» **What needs to be done**
Return the lines of the listing below exactly as they appear, beginning at the one with "каждой из них. |" and stopping after the one with "Papa Noel visitará"; do not include pictures.

» **Supplied entries**
__________

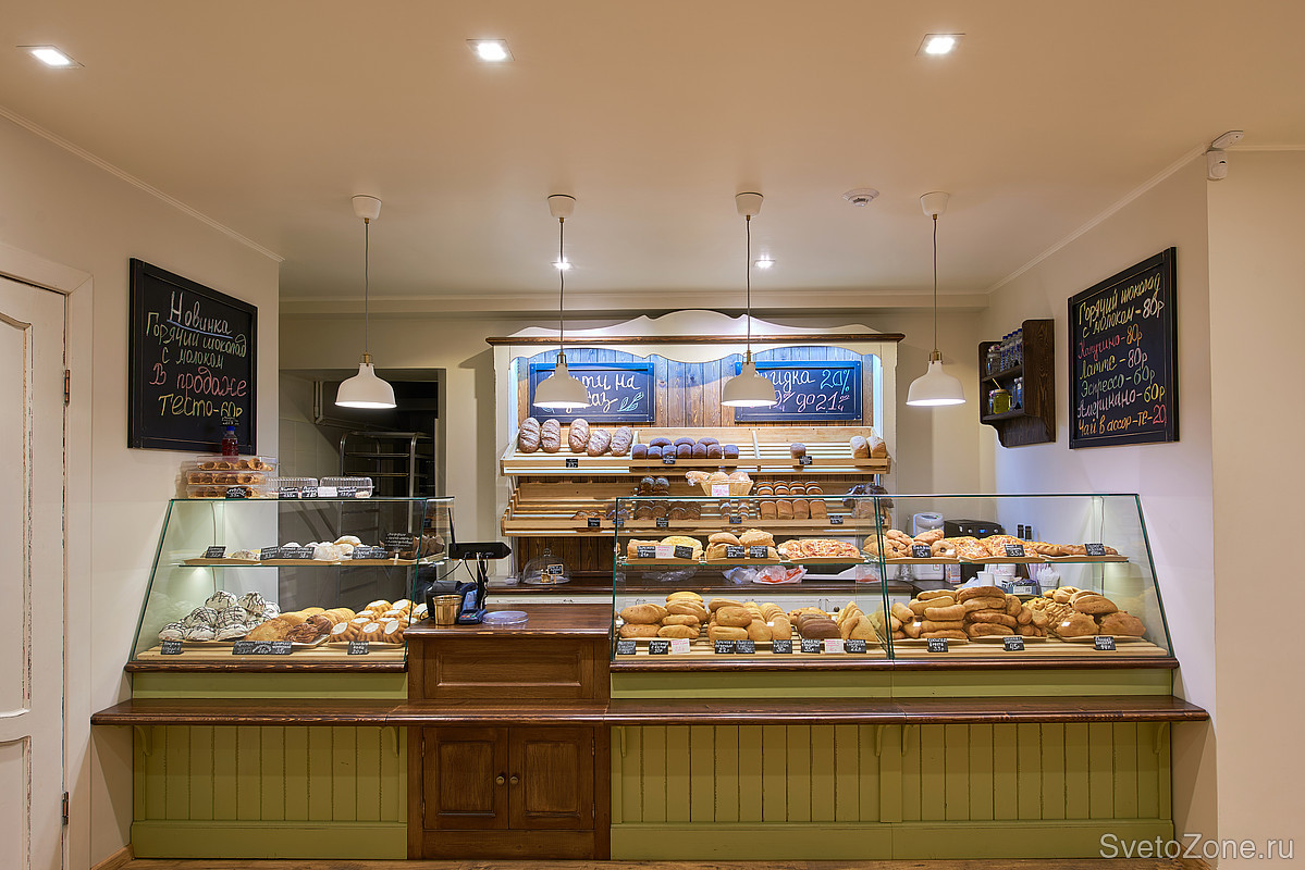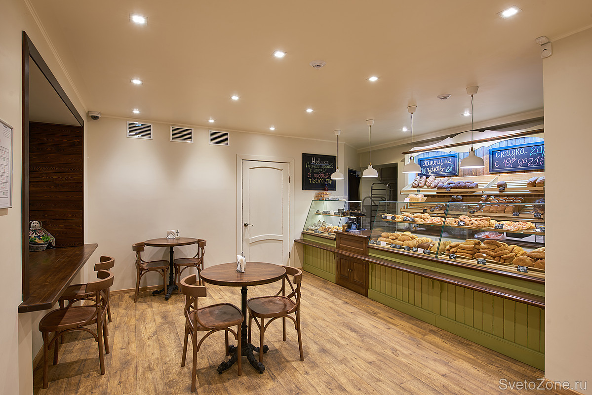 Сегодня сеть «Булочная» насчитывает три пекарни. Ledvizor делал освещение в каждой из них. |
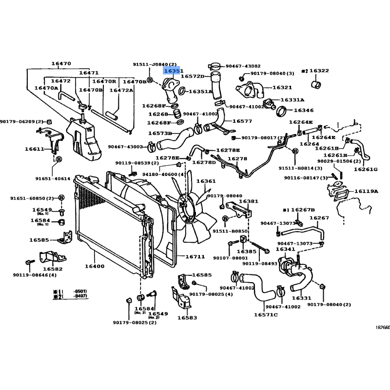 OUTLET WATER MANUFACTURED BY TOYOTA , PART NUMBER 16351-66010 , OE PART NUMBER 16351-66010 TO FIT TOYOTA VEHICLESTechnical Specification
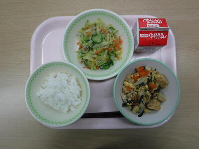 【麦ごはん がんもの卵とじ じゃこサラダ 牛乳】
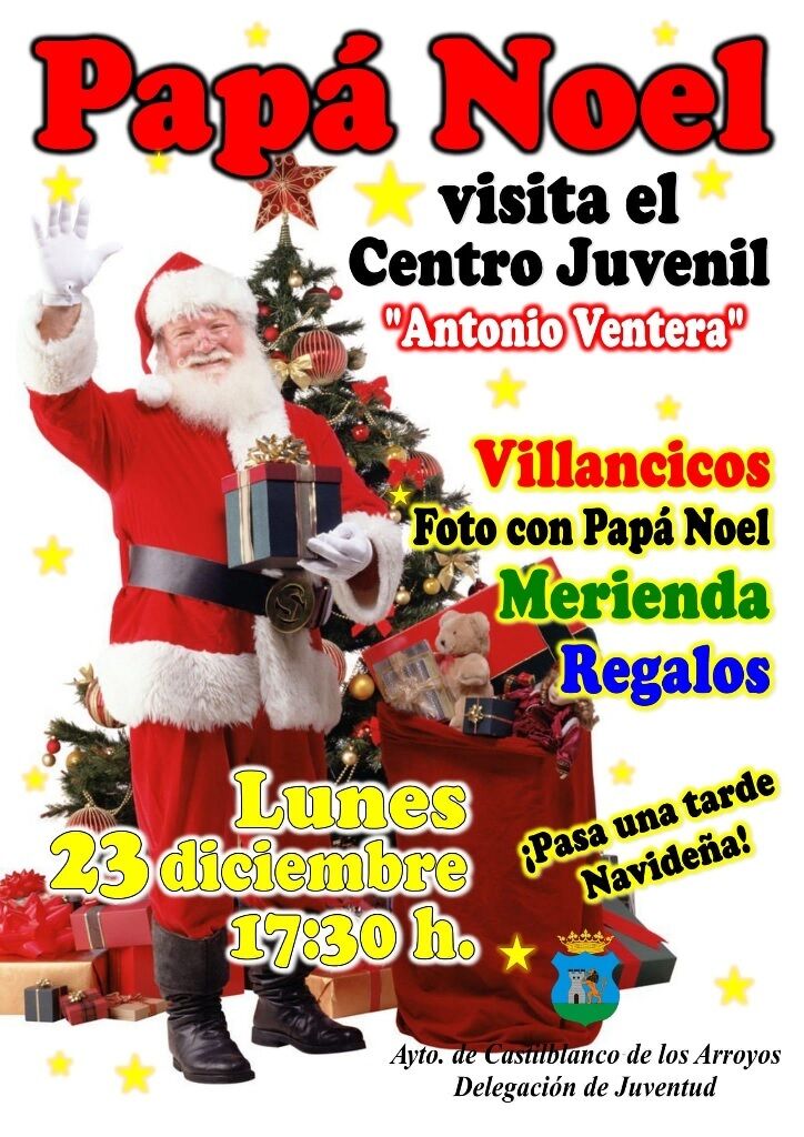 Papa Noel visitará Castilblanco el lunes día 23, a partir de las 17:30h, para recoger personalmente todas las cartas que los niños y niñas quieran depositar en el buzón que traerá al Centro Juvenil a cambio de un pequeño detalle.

__________

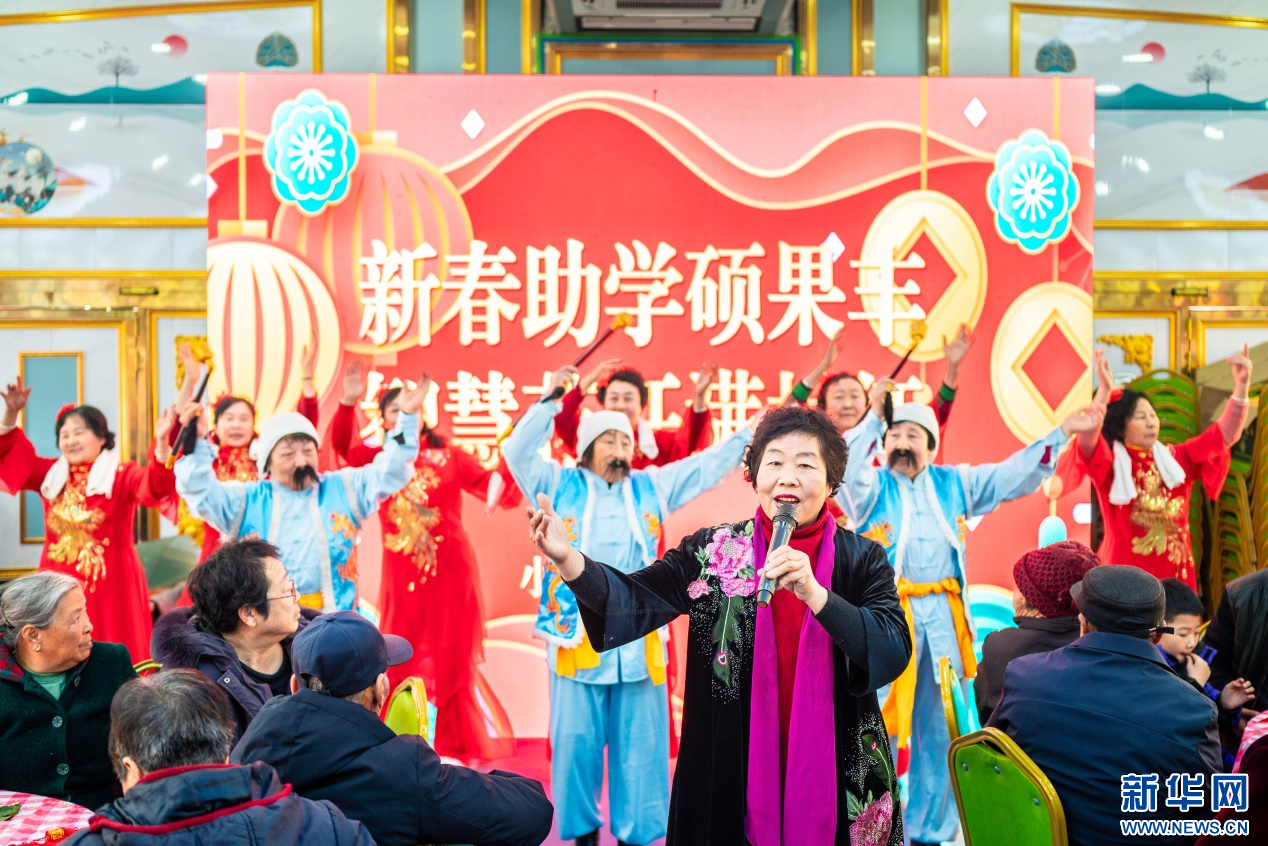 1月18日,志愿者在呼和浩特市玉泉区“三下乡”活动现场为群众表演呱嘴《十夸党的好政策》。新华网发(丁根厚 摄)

__________

» **Exercise solution**
 Сегодня сеть «Булочная» насчитывает три пекарни. Ledvizor делал освещение в каждой из них. |
 OUTLET WATER MANUFACTURED BY TOYOTA , PART NUMBER 16351-66010 , OE PART NUMBER 16351-66010 TO FIT TOYOTA VEHICLESTechnical Specification
 【麦ごはん がんもの卵とじ じゃこサラダ 牛乳】
 Papa Noel visitará Castilblanco el lunes día 23, a partir de las 17:30h, para recoger personalmente todas las cartas que los niños y niñas quieran depositar en el buzón que traerá al Centro Juvenil a cambio de un pequeño detalle.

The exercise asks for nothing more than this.